= INFORMATION GIVEN =
***
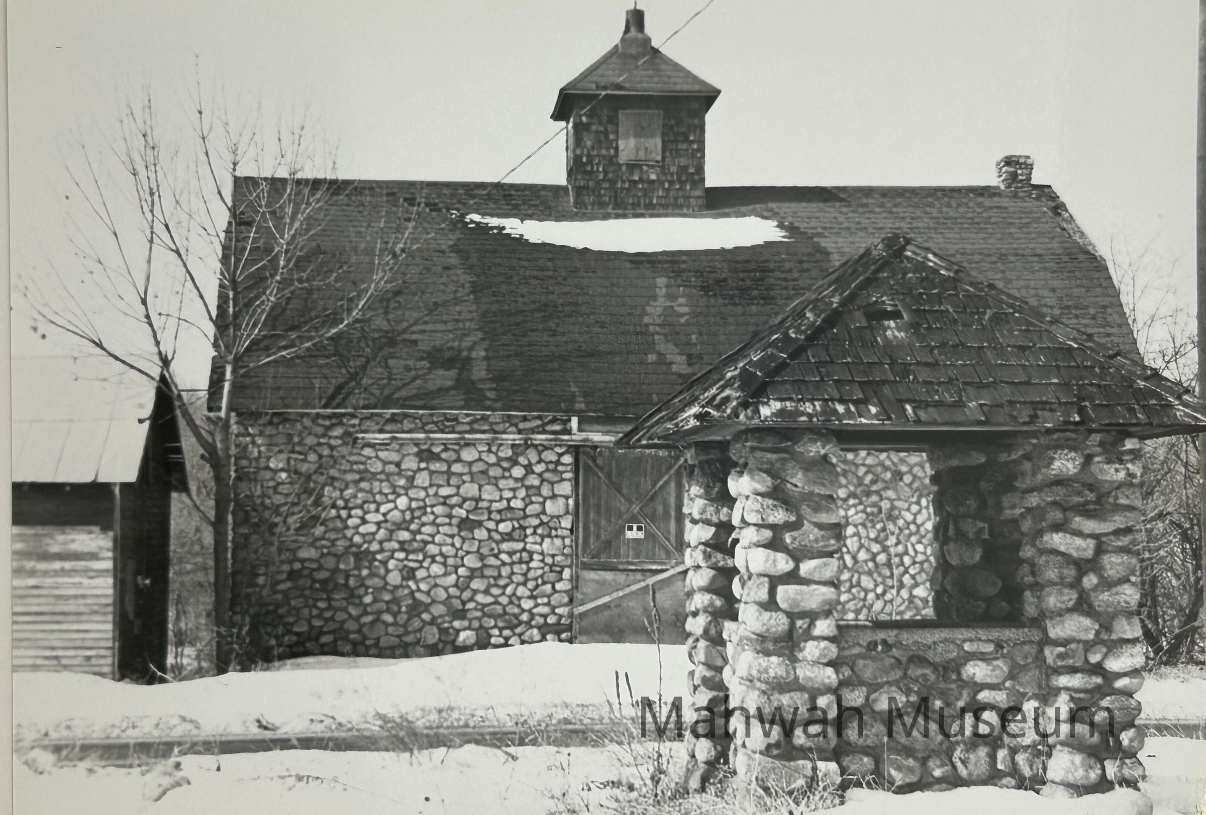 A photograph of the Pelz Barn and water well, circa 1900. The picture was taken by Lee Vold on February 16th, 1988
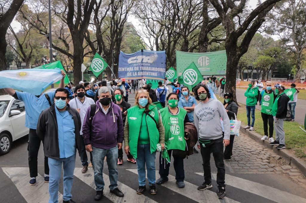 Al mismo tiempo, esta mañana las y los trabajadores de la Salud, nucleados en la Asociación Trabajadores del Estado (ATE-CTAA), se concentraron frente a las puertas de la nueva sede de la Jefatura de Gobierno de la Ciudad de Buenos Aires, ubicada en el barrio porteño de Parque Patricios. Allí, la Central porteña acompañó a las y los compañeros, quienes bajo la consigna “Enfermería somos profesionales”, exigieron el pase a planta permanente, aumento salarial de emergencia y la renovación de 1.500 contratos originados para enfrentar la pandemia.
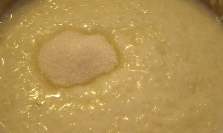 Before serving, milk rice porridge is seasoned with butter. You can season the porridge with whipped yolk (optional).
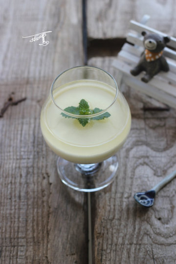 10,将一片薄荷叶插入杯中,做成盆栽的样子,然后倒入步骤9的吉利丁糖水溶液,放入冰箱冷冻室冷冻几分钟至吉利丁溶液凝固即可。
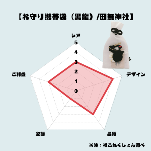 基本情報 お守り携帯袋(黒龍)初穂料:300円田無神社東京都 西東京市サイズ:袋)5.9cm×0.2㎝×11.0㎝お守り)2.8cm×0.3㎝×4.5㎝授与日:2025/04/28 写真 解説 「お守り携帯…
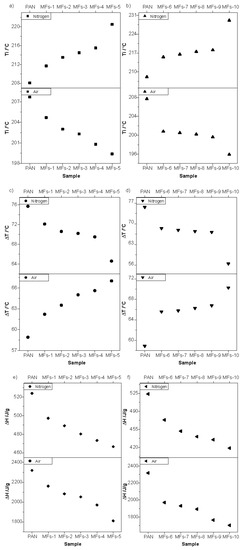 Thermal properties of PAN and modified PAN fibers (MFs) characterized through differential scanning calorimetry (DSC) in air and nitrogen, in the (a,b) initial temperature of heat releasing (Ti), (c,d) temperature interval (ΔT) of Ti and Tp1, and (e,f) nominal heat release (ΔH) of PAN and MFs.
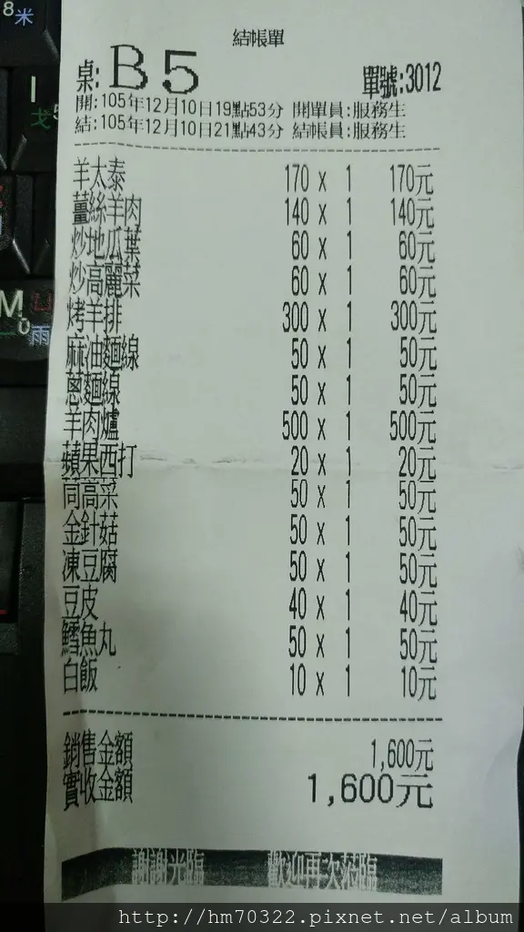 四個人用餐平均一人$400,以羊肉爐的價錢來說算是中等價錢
***
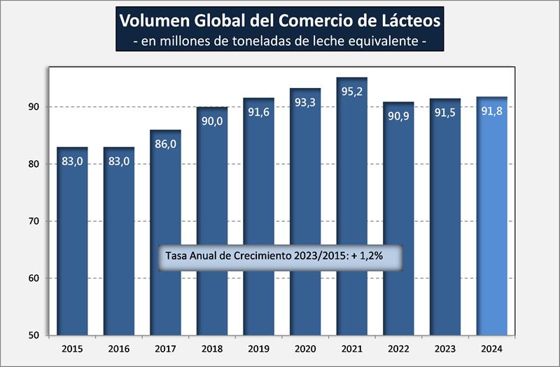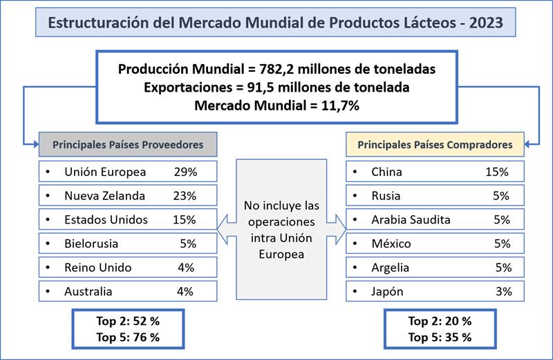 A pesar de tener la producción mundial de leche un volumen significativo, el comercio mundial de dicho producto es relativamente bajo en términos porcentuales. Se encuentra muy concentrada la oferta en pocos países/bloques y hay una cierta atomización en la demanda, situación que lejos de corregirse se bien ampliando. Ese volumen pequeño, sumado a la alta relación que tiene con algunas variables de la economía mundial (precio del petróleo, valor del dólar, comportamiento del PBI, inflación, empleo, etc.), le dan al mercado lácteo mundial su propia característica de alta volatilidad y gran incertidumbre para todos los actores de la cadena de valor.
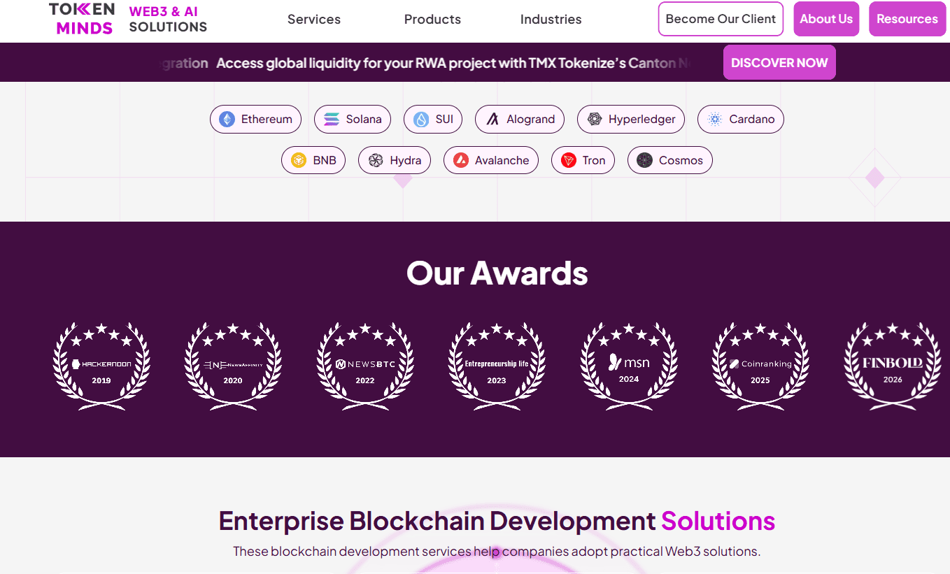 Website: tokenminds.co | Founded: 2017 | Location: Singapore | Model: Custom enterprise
***
= TASK GOAL =
Starting at the line above that holds "A photograph of", repeat every line exactly down to and including the line that holds "四個人用餐平均一人$400,以羊肉爐的價錢來說算是中等價錢", then stop. Do not carry over any pictures.

= TASK RESPONSE =
 A photograph of the Pelz Barn and water well, circa 1900. The picture was taken by Lee Vold on February 16th, 1988
 Al mismo tiempo, esta mañana las y los trabajadores de la Salud, nucleados en la Asociación Trabajadores del Estado (ATE-CTAA), se concentraron frente a las puertas de la nueva sede de la Jefatura de Gobierno de la Ciudad de Buenos Aires, ubicada en el barrio porteño de Parque Patricios. Allí, la Central porteña acompañó a las y los compañeros, quienes bajo la consigna “Enfermería somos profesionales”, exigieron el pase a planta permanente, aumento salarial de emergencia y la renovación de 1.500 contratos originados para enfrentar la pandemia.
 Before serving, milk rice porridge is seasoned with butter. You can season the porridge with whipped yolk (optional).
 10,将一片薄荷叶插入杯中,做成盆栽的样子,然后倒入步骤9的吉利丁糖水溶液,放入冰箱冷冻室冷冻几分钟至吉利丁溶液凝固即可。
 基本情報 お守り携帯袋(黒龍)初穂料:300円田無神社東京都 西東京市サイズ:袋)5.9cm×0.2㎝×11.0㎝お守り)2.8cm×0.3㎝×4.5㎝授与日:2025/04/28 写真 解説 「お守り携帯…
 Thermal properties of PAN and modified PAN fibers (MFs) characterized through differential scanning calorimetry (DSC) in air and nitrogen, in the (a,b) initial temperature of heat releasing (Ti), (c,d) temperature interval (ΔT) of Ti and Tp1, and (e,f) nominal heat release (ΔH) of PAN and MFs.
 四個人用餐平均一人$400,以羊肉爐的價錢來說算是中等價錢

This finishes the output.